◆ AIM OF THE TASK ◆
Under this line sits a listing. Repeat exactly and only its lines from the one holding "Очень красивая и" through the one holding "Всем привет! Betting"; skip pictures.

◆ INPUT DATA ◆
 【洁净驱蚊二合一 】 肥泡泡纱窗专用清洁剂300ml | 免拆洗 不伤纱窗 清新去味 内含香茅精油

* * *

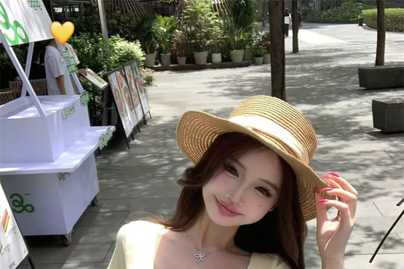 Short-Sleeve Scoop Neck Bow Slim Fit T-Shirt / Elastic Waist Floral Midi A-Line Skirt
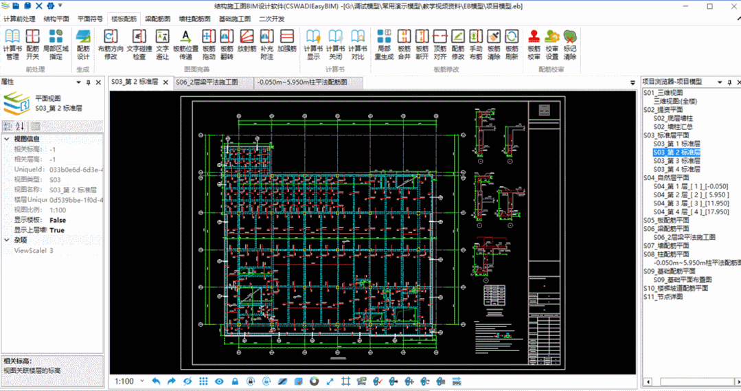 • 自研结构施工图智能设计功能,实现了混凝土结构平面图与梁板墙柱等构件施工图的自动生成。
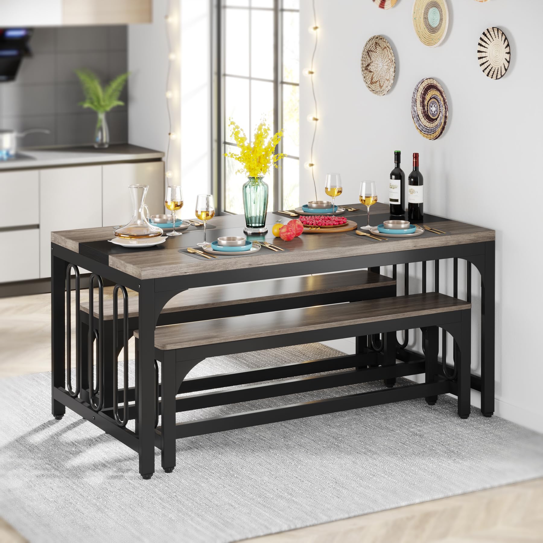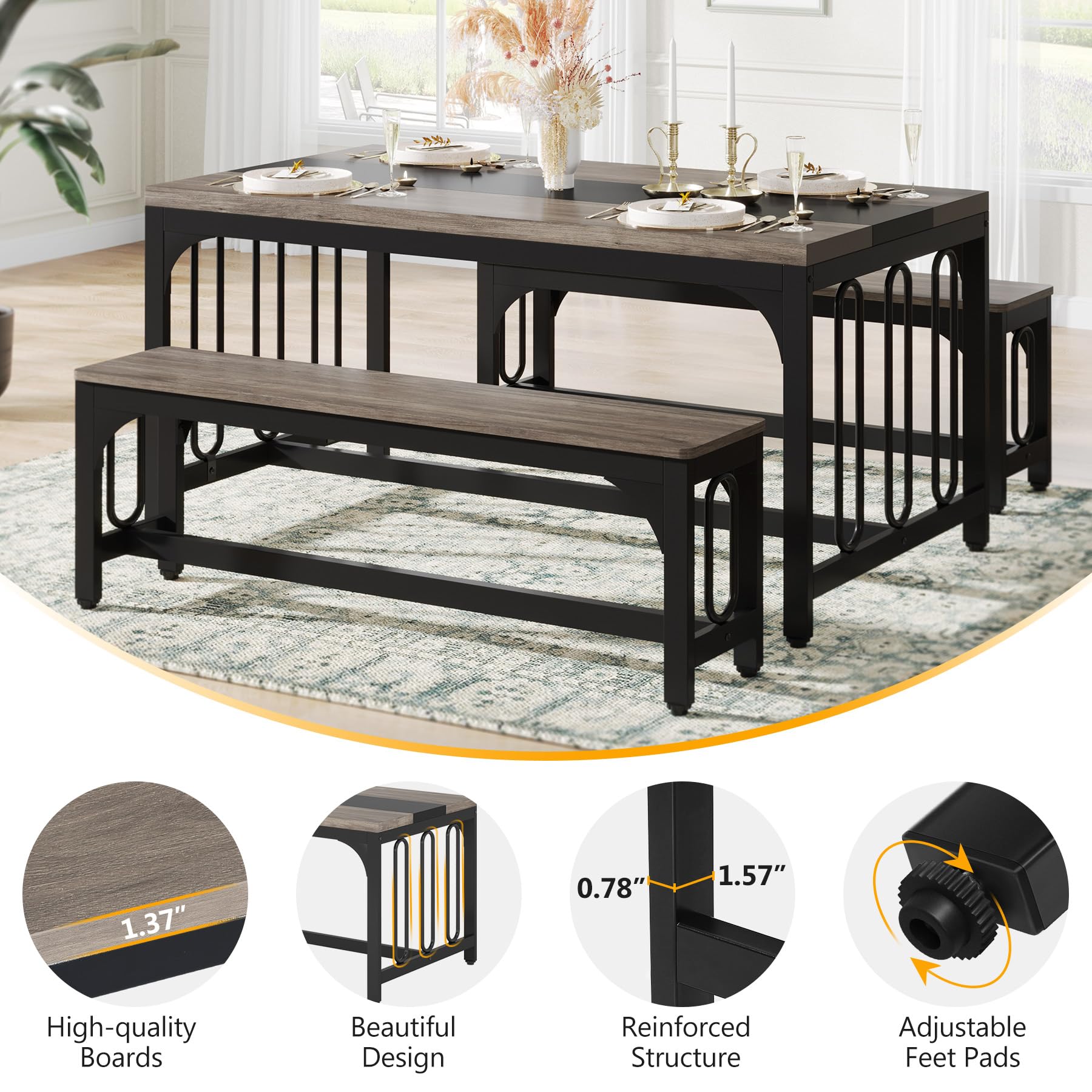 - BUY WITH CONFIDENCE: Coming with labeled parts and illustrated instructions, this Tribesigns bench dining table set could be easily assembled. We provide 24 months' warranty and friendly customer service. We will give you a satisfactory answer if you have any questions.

--

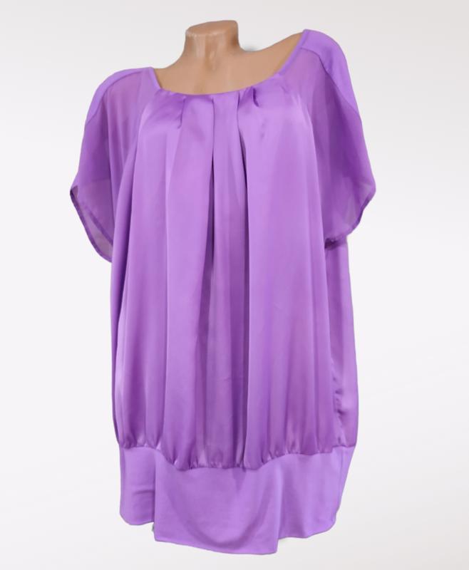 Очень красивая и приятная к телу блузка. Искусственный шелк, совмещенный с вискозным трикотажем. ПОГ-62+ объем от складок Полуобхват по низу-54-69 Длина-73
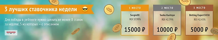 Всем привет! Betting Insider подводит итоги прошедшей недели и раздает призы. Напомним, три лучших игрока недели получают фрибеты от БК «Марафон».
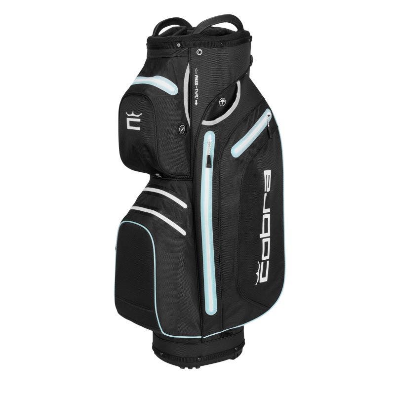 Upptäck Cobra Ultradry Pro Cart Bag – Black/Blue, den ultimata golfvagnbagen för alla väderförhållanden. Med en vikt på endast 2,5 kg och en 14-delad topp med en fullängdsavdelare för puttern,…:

◆ WORKED SOLUTION ◆
 Очень красивая и приятная к телу блузка. Искусственный шелк, совмещенный с вискозным трикотажем. ПОГ-62+ объем от складок Полуобхват по низу-54-69 Длина-73
 Всем привет! Betting Insider подводит итоги прошедшей недели и раздает призы. Напомним, три лучших игрока недели получают фрибеты от БК «Марафон».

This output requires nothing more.